No sé si se puede decir que superé mis miedos, porque en realidad acabé leyendo Cooltureta en un momento en que estaba demasiado sobrepasada por cosas de clase y necesitaba una distracción: una lectura entretenida, poco exigente, y que no tuviese nada que ver con mi trabajo de fin de máster. Recordaba que siempre me río con las viñetas de Moderna de Pueblo así que Cooltureta parecía la opción más obvia.
Lo más curioso es que en realidad apenas recordaba Soy de pueblo. Volví a echarle un ojo hace bien poco, para preparar este post con un poco de sentido, y me pareció un trabajo mucho más "estático", por así decir: no deja de ser un conjunto de instantáneas, sin trama, sin progresión, sin dirección. No lo digo como algo malo: no creo que Soy de pueblo tuviese otro objetivo. Cooltureta, sin embargo, sí intenta contar una historia, y eso me lleva a aquel miedo que os comentaba al comienzo del post: el protagonista de Cooltureta suda el mismo viaje. Perdonadme, porque con esto ya os estropeo el descubrimiento, pero no soy capaz de esquivar el asunto: me encantó ver un relato en Cooltureta y, sobre todo, me gustó verlo manejado con tanta sinceridad. 

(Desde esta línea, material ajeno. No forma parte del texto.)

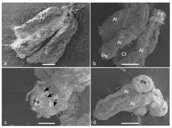 Ten anthers from each fresh and cultured anther at 2, 4 and 6 weeks of culturing were sampled for microscopic observation. Samples were fixed in FAA (50% ethanol + 10% formaldehyde + glacial acetic acid, 18:1:1) for 72 h and then dehydrated through a graded ethanol series (30, 50 and 70%, v/v) for 2 h by changing the solution at each hour. Samples were stored in 70% ethanol until use. Fixed samples were used for scanning electron and light microscopic analyses.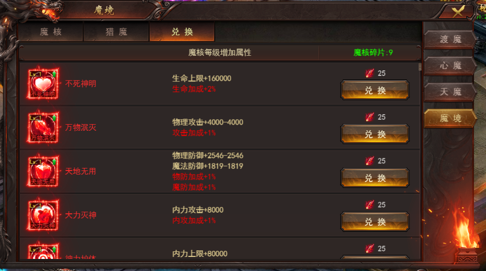 当玩家在猎魔过程中获得了魔核碎片后,就可以在兑换页面用这些碎片兑换红色的极品魔核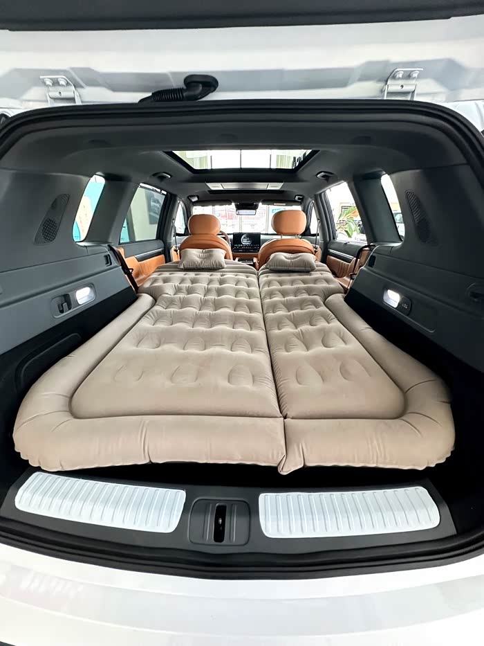 依据车内二排旋转座椅后的空间尺寸,我定制了合适的充气床垫。选用优质环保 PVC 材质,具有出色的气密性和耐磨性,适应各种复杂环境。电动充气泵的加入让充气过程轻松便捷,短短几分钟就能将床垫充至理想状态。床垫表面设计有防滑纹理,有效防止睡眠时身体滑动。自带的收纳袋方便在不使用时进行整理存放,不占过多车内空间。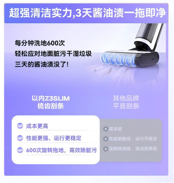 今天给大家带来一款性比价拉满的洗地机霸主 以内旗家的性能王者【INXNI以内三合一无线智能洗地机Z3silm】 ✅700元不到的价格,配置超过2.3千元的品质 高速无刷电机带来的12000pa吸力 远远超过那些对标产品 ✅一分钟洗地600次,去除顽固污渍,不留痕迹 不管是地上的灰尘、毛发,还是厨房的油渍、水渍 只要推着洗地机走一遍,就能吸得干干净净 一点都不残留,清洁起来轻松又高效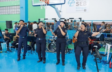 Banda da Guarda Municipal participa de momento cívico no Colégio SEB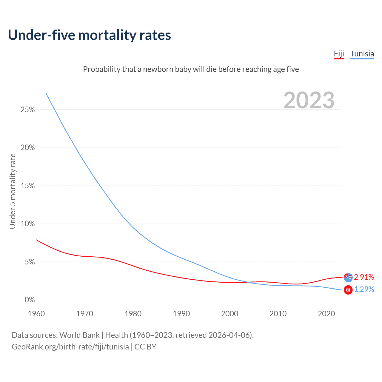 The chance that a newborn baby will die before reaching age five is 2.91% in Fiji and 1.29% in Tunisia. Above is a chart with historical data on under-five mortality rates.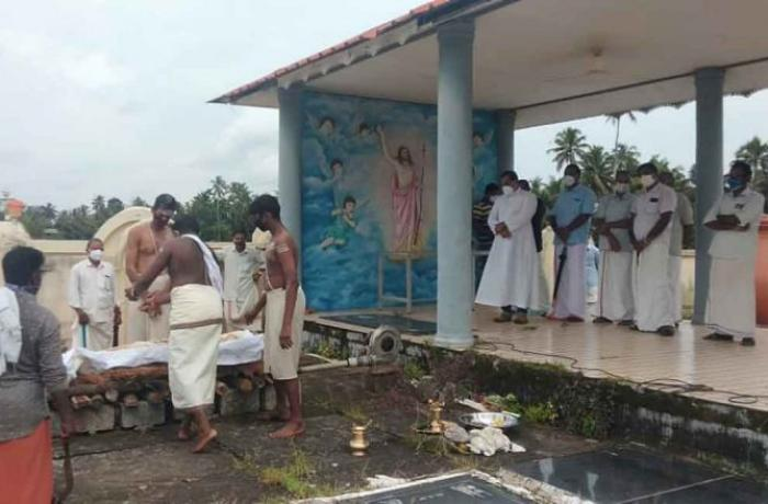 近日,印度喀拉拉邦阿勒皮(Alleppey/Alappuzha)附近拉曼卡里(Ramankary)村圣若瑟堂的瓦尔格什斯(Varghese Mathilakathukuzhy)神父,提供了一个天主教墓地场所,为一位去世的68岁印度教妇女举行火葬。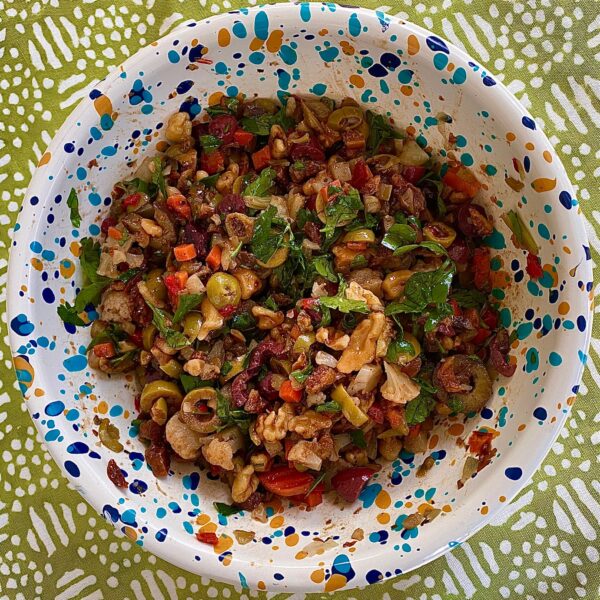 Add to a tapenade/muffaletta olive spread repertoire a zingy, lively combo united by pomegranate molasses and find yourself with a multi-purpose condiment as well as a dip in its own right.

Si vuelvo tanto sobre Soy de pueblo, aunque las comparaciones siempre son odiosas, es porque creo que es de valorar que una autora se atreva a ampliar sus horizontes y probar cosas distintas porque eso significa que siempre podrá ofrecer algo sorprendente. Hoy por hoy, quedan algunos puntos por rematar pero la progresión está ahí, y eso me encanta.